# DIRECTIONS FOR THIS TASK
Give an exact copy of the data that follows, but none of its pictures.

Start of DATA SECTION

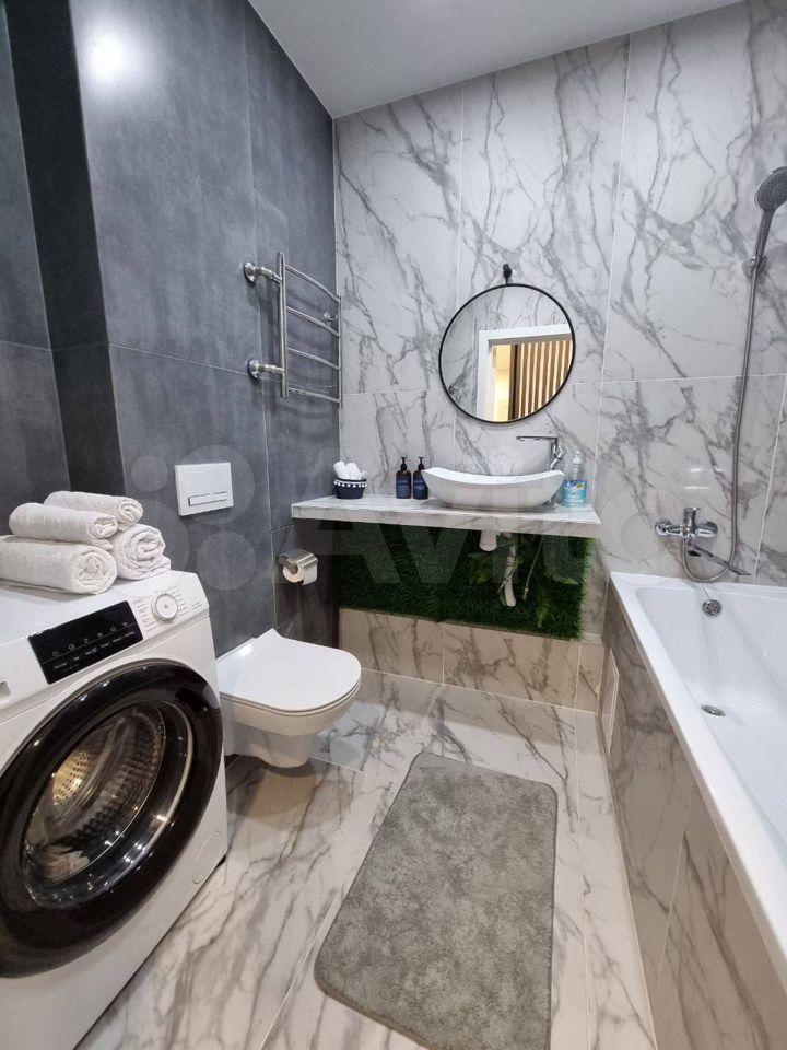 Квартира выполнена с дизайнерским ремонтом, с тщательно продуманной планировкой. В комнате и на кухне есть вся необходимая мебель. На кухне вы найдете современную технику: холодильник, посудомоечную машину и стиральную машину. В комнате установлен кондиционер и телевизор, обеспечивая комфорт в любое время года. Санузел совмещённый и оборудован душевой кабиной, что удобно для быстрого начала дня.
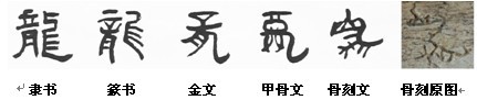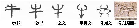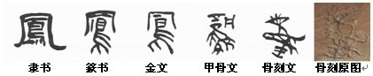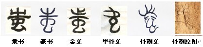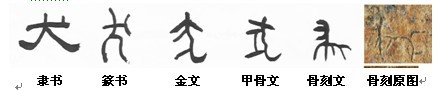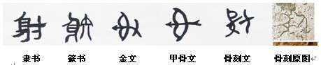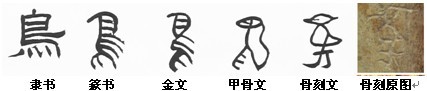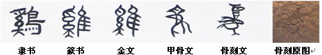 筆者認(rèn)為,根據(jù)甲骨文向金文演變的某些規(guī)律,對(duì)于東夷骨刻文的破譯是非常有必要借鑒的。甲骨文向金文的過渡有幾種情況,一是從具有很強(qiáng)的圖畫性到脫離圖畫的符號(hào)化的演變;一是由繁到簡(jiǎn)的演變;再就是完全照搬,筆畫相同,有的只是在書寫方法上略有變化。當(dāng)然也有少量是由簡(jiǎn)到繁的,這往往是形聲字演變的結(jié)果,有的增加了形旁或聲旁,但基本上是萬變不離其宗,有規(guī)律可循的。而東夷骨刻文向甲骨文的演變也基本上存在這四種情況,只不過由圖畫性向符號(hào)化過渡更為明顯,由象形、指事、會(huì)意向形聲字轉(zhuǎn)變的還不多見。由于借鑒了這一規(guī)律,在劉教授破譯的八個(gè)字的基礎(chǔ)上,筆者一口氣又破譯了近百字。為了便于對(duì)照辨認(rèn),按照漢字發(fā)展和演變的順序,對(duì)這些破譯出的文字分別用骨刻文、甲骨文、金文、小篆和隸書的書體,以書法藝術(shù)的表現(xiàn)形式創(chuàng)作了幾幅題為“中國(guó)文字演變過程”的書法藝術(shù)作品,并在每字后附有骨刻原圖,今取其一,以供讀者參考鑒別。(如圖)
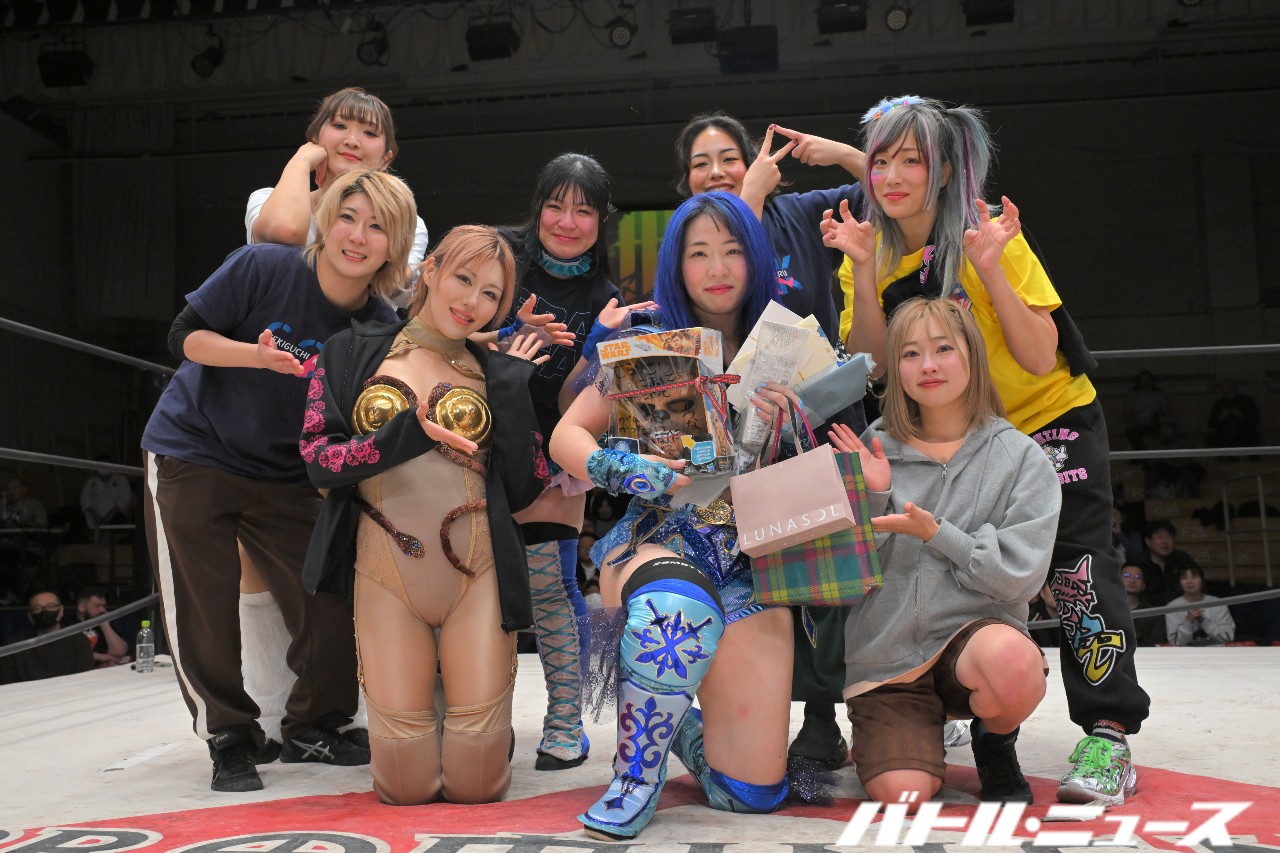 まずは出場したフリー選手たち(夏すみれ、VENY、小林香萌、関口翔、ウナギ・サヤカ、尾崎妹加、真白優希)からプレゼントが贈られる。

End of DATA SECTION

# TASK RESULT
 Квартира выполнена с дизайнерским ремонтом, с тщательно продуманной планировкой. В комнате и на кухне есть вся необходимая мебель. На кухне вы найдете современную технику: холодильник, посудомоечную машину и стиральную машину. В комнате установлен кондиционер и телевизор, обеспечивая комфорт в любое время года. Санузел совмещённый и оборудован душевой кабиной, что удобно для быстрого начала дня.
 筆者認(rèn)為,根據(jù)甲骨文向金文演變的某些規(guī)律,對(duì)于東夷骨刻文的破譯是非常有必要借鑒的。甲骨文向金文的過渡有幾種情況,一是從具有很強(qiáng)的圖畫性到脫離圖畫的符號(hào)化的演變;一是由繁到簡(jiǎn)的演變;再就是完全照搬,筆畫相同,有的只是在書寫方法上略有變化。當(dāng)然也有少量是由簡(jiǎn)到繁的,這往往是形聲字演變的結(jié)果,有的增加了形旁或聲旁,但基本上是萬變不離其宗,有規(guī)律可循的。而東夷骨刻文向甲骨文的演變也基本上存在這四種情況,只不過由圖畫性向符號(hào)化過渡更為明顯,由象形、指事、會(huì)意向形聲字轉(zhuǎn)變的還不多見。由于借鑒了這一規(guī)律,在劉教授破譯的八個(gè)字的基礎(chǔ)上,筆者一口氣又破譯了近百字。為了便于對(duì)照辨認(rèn),按照漢字發(fā)展和演變的順序,對(duì)這些破譯出的文字分別用骨刻文、甲骨文、金文、小篆和隸書的書體,以書法藝術(shù)的表現(xiàn)形式創(chuàng)作了幾幅題為“中國(guó)文字演變過程”的書法藝術(shù)作品,并在每字后附有骨刻原圖,今取其一,以供讀者參考鑒別。(如圖)
 まずは出場したフリー選手たち(夏すみれ、VENY、小林香萌、関口翔、ウナギ・サヤカ、尾崎妹加、真白優希)からプレゼントが贈られる。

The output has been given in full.